**Your assignment:**
When you reach the line with "3、提供实时更新的热度排行榜" in the records below, begin transcribing exactly and continue up to and including the line with "Ön rendelkezésére áll.", leaving out every picture.

Data extracted from a collection:

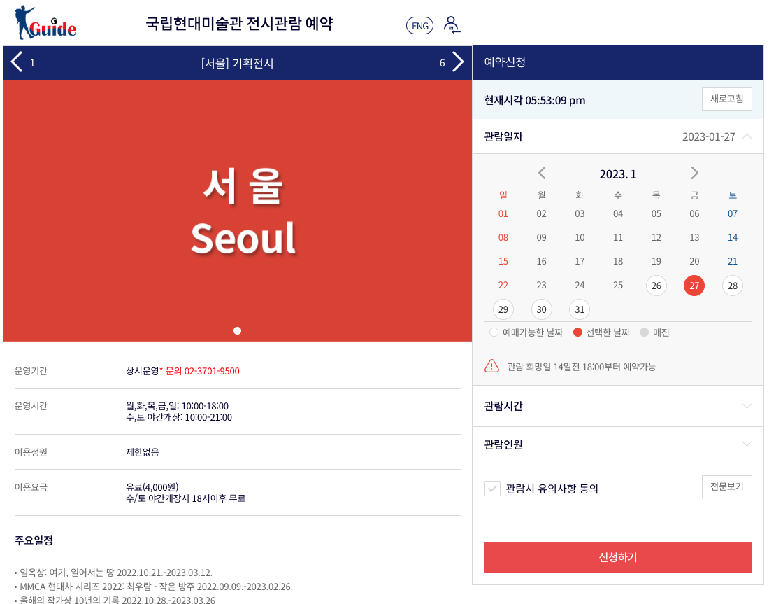 관람할 전시회를 클릭하여 해당 전시 예약 페이지에 접속하면,
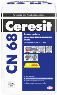 - ЦЕРЕЗИТ CN-68 финишный самовыравнивающий пол (25кг) CERESIT CN68 тонкослойная самовыравнивающаяся смесь (25кг) по выгодной цене 608 р. руб.;
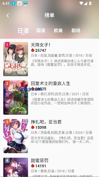 3、提供实时更新的热度排行榜单推荐 应用内设有实时更新的热度排行榜,展示了当前最受欢迎的番剧,帮助你了解哪些作品正在流行,便于追看热门剧集。
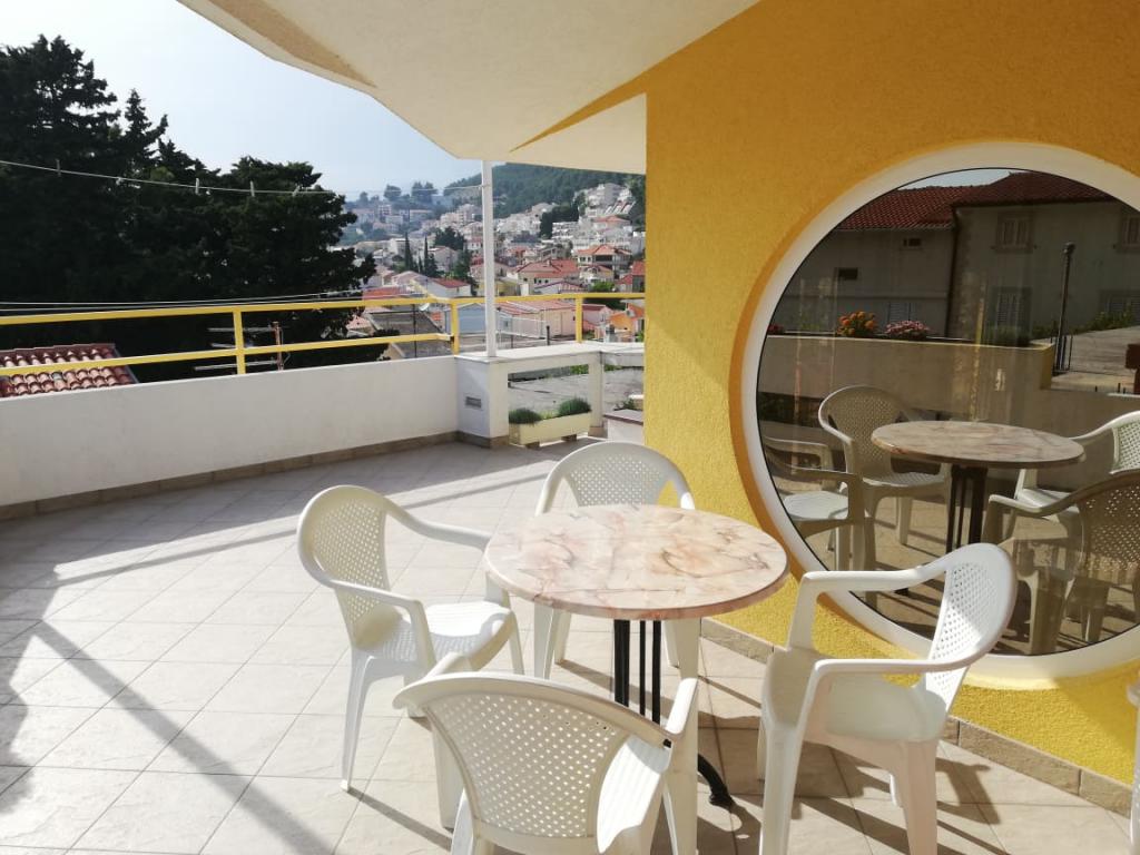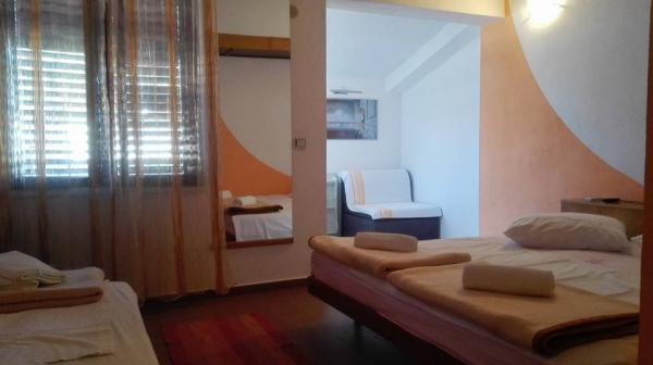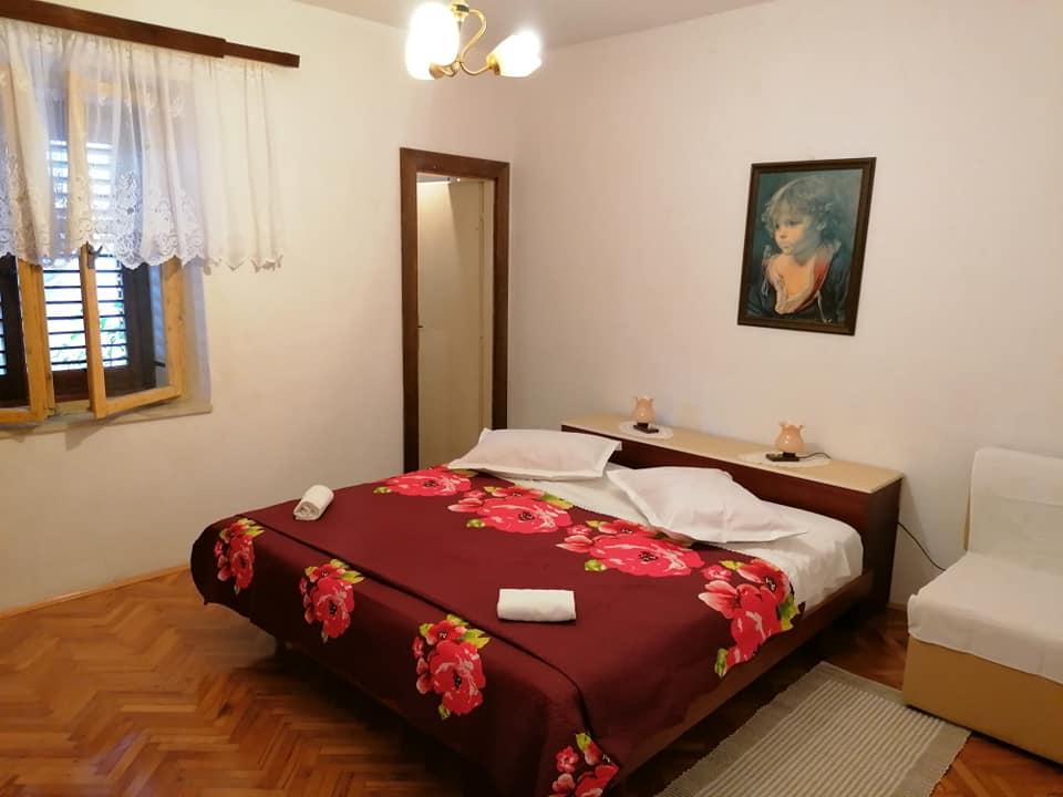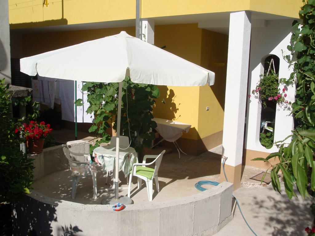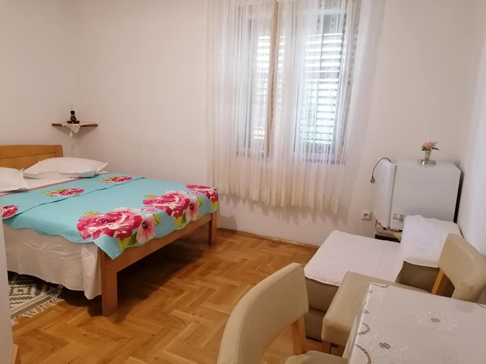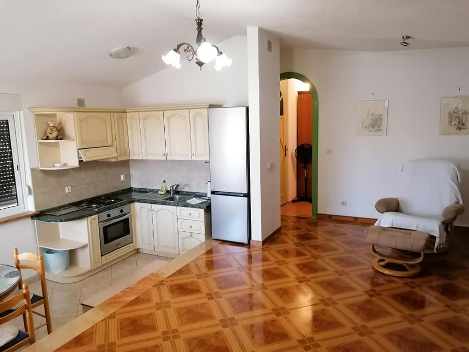 . Apartman, A szállásegység az első emeleten található. Tartalma: Két hálószoba - egy háromágyas és egy kétágyas - minden szobához tartozik saját WC-zuhanyzó, TV, légkondicionáló, hűtőszekrény. Az apartmanhoz egy konyha és egy tágas terasz tartozik. 12 m /. A lakás teljesen felszerelt ágyneművel, törölközővel, konyha készlet konyhai szolgáltatás, wi-fi, fenntartott parkoló. Távolság a strandtól 150 m. Mivel az apartman a falu központjában van, minden szükséges szolgáltatási lehetőség; éttermek, kávézók, szállodák, különféle teraszok, bank, posta, mentő, stb ... 50 és max. 200 m. A vendégek kerékpárt is kínálhatnak kikapcsolódásra, 7 méteres hajó kapitányával, egynapos kirándulásokra érdekes úti célok és halászat, valamint különböző idegenforgalmi információk tartózkodásuk alatt. A bérbeadó az Ön rendelkezésére áll.
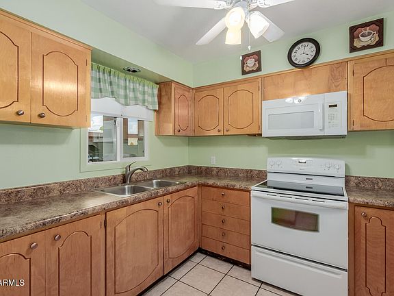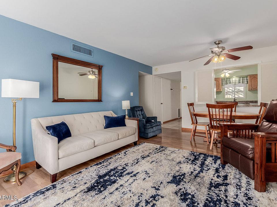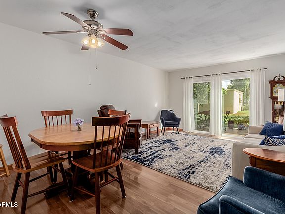 Welcome to this rare 2 bed/2 bath, FURNISHED first floor condo in 55+ community surrounded by mature trees and lush green landscaping. The home features wood laminate flooring in the main living areas and plush carpet in the bedrooms, creating a perfect blend of comfort and style. The newer dual pane windows and patio door provide energy efficiency and natural light, while ceiling fans throughout keep the home cool and comfortable. Both bathrooms have been beautifully remodeled, with the master ensuite offering a brand-new walk-in shower. The private patio will be a favorite place to enjoy the Arizona weather while relaxing or entertaining guests overlooking lush green grass. Also the carport has an attached storage unit, giving you extra space for belongings Step outside and take advanta of the wonderful amenities this community has to offer, including a sparkling pool and spa, pickleball courts, and a welcoming community center with activities and social events that make it easy to connect with neighbors. This is the perfect home for those seeking an active, low-maintenance lifestyle in a beautiful setting located near shopping, restaurants, hospitals, and convenient to freeways.
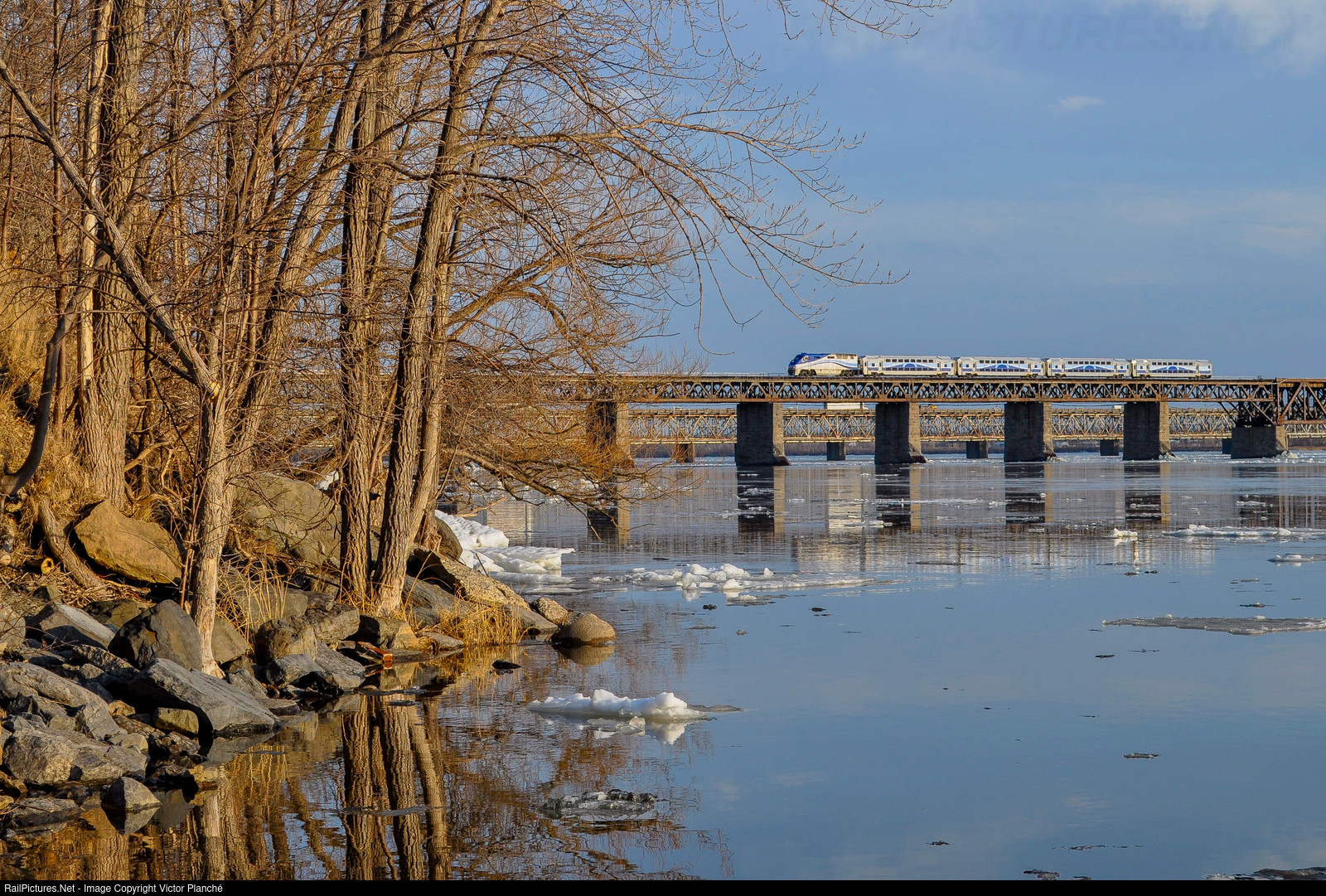 | EXO 1327 is deadheading to the Sortin yard after having made a commercial trip to Candiac, and crosses the bridge over the Saint-Lawrence river at LaSalle. |
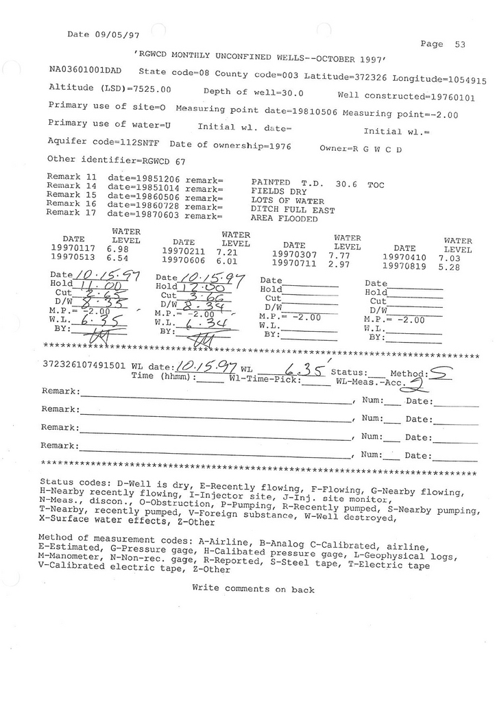 RG67 Field Measurement for 10/1997

**Written solution:**
 3、提供实时更新的热度排行榜单推荐 应用内设有实时更新的热度排行榜,展示了当前最受欢迎的番剧,帮助你了解哪些作品正在流行,便于追看热门剧集。
 . Apartman, A szállásegység az első emeleten található. Tartalma: Két hálószoba - egy háromágyas és egy kétágyas - minden szobához tartozik saját WC-zuhanyzó, TV, légkondicionáló, hűtőszekrény. Az apartmanhoz egy konyha és egy tágas terasz tartozik. 12 m /. A lakás teljesen felszerelt ágyneművel, törölközővel, konyha készlet konyhai szolgáltatás, wi-fi, fenntartott parkoló. Távolság a strandtól 150 m. Mivel az apartman a falu központjában van, minden szükséges szolgáltatási lehetőség; éttermek, kávézók, szállodák, különféle teraszok, bank, posta, mentő, stb ... 50 és max. 200 m. A vendégek kerékpárt is kínálhatnak kikapcsolódásra, 7 méteres hajó kapitányával, egynapos kirándulásokra érdekes úti célok és halászat, valamint különböző idegenforgalmi információk tartózkodásuk alatt. A bérbeadó az Ön rendelkezésére áll.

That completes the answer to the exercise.